Open Dylan-M opened 1 year ago
Looping in @suffiank for implementation details here.
Any thoughts? This has come up in discussion again on a slack group.
Hi @Dylan-M,
Suffian is quite busy so I took a look. I'm not the primary point of contact for GPU-related stuff so this is best effort, but this is what I found.
I think getting rid of the C code would be good. The library does look like it will do what that little C++ load generator does. This would get rid of C++ code in this codebase which would be cleaner.
However, this is unfortunately not the only CGO
dependency in this receiver. The NVML client we use is simply Go bindings for libnvidia-ml
. See https://github.com/NVIDIA/go-nvml for more info.
What this means is that we probably can indeed get rid of that C++ code and make our tests a bit easier to work with, but it will not unburden this receiver from CGO
entirely.
As such I don't think we're going to be able to prioritize this any time soon, but we welcome a PR to make that change that gets rid of C++ in this codebase.
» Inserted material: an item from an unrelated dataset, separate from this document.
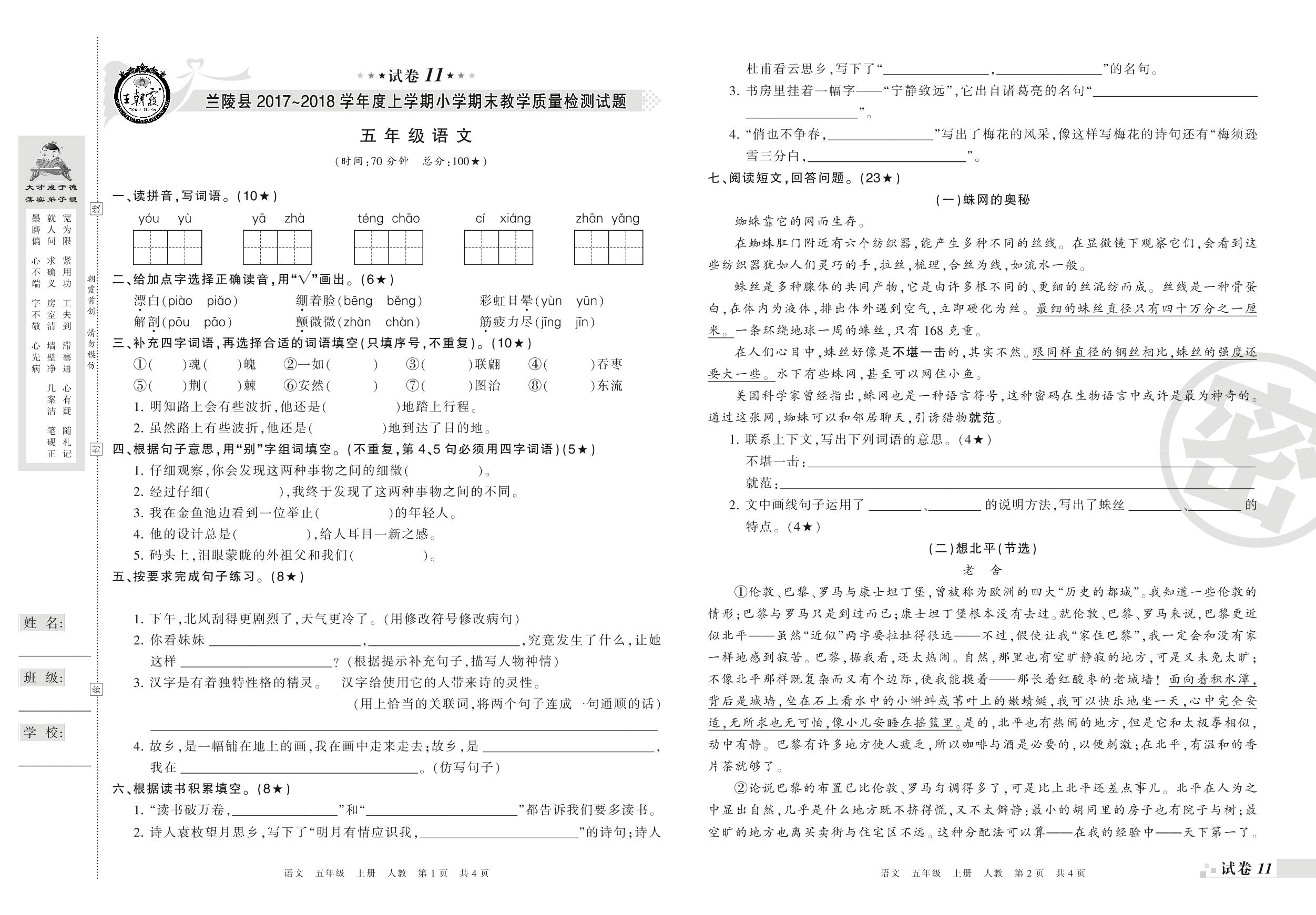 2017-2018学年第一学期临沂市兰陵县五年级语文试卷(人教版)【11】

Thank you for raising the issue!
Thank you for having a look, a coworker also pointed out what you said about linking to that external library; which I had forgotten to look at external deps. Still a change that is worth making, however I fully agree with your assessment and prioritization.
In Ops Agent we run a demo app from the CUDA SDK: https://github.com/GoogleCloudPlatform/ops-agent/blob/master/integration_test/third_party_apps_data/applications/nvml/exercise
But as @braydonk mentions, go-nvml requires cgo for everything, so we can't get GPU metrics without it.
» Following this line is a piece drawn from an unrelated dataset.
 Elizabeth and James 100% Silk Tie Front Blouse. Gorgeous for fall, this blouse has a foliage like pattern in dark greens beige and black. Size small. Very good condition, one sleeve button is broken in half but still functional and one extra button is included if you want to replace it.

Currently, the nvmlreceiver is using a single dependency on a C library here: https://github.com/GoogleCloudPlatform/opentelemetry-operations-collector/blob/master/receiver/nvmlreceiver/testcudakernel/test_cuda_kernel.cc
Based on my review of, but with limited understanding of the Nvidia libraries in general, this could be replaced with a native golang library.
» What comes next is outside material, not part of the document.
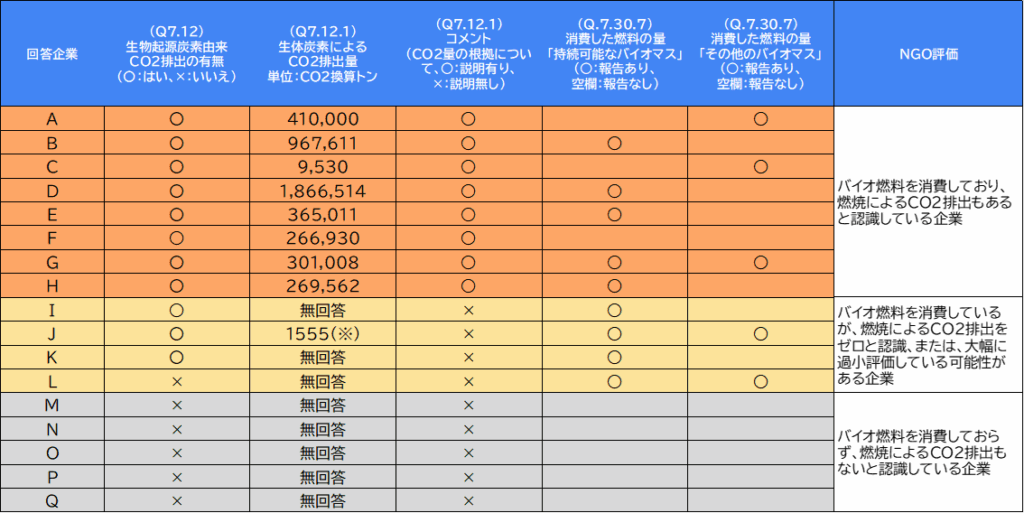 なお、J社が回答した燃焼によるCO2排出量はわずかですが、J社は大規模な石炭バイオマス混焼発電所を複数操業する大手発電事業者であることを考えると、数値の妥当性には疑問が残ります。

From: https://docs.nvidia.com/cuda/cublas/index.html#id92
From: https://pkg.go.dev/gorgonia.org/cu/blas#Standard.Dgemm
These function definitions seem to be identical, with the exception of the cublasXtHandle. That handle wouldn't be needed in the pure golang implementation; so it makes sense for it to be missing.
If I am correct, this would be a nice change. Anything that can strip a collector down to a pure golang implementation is good in my book.
If I am incorrect in my belief that these libraries are functionally the same, I'm happy to be corrected on it.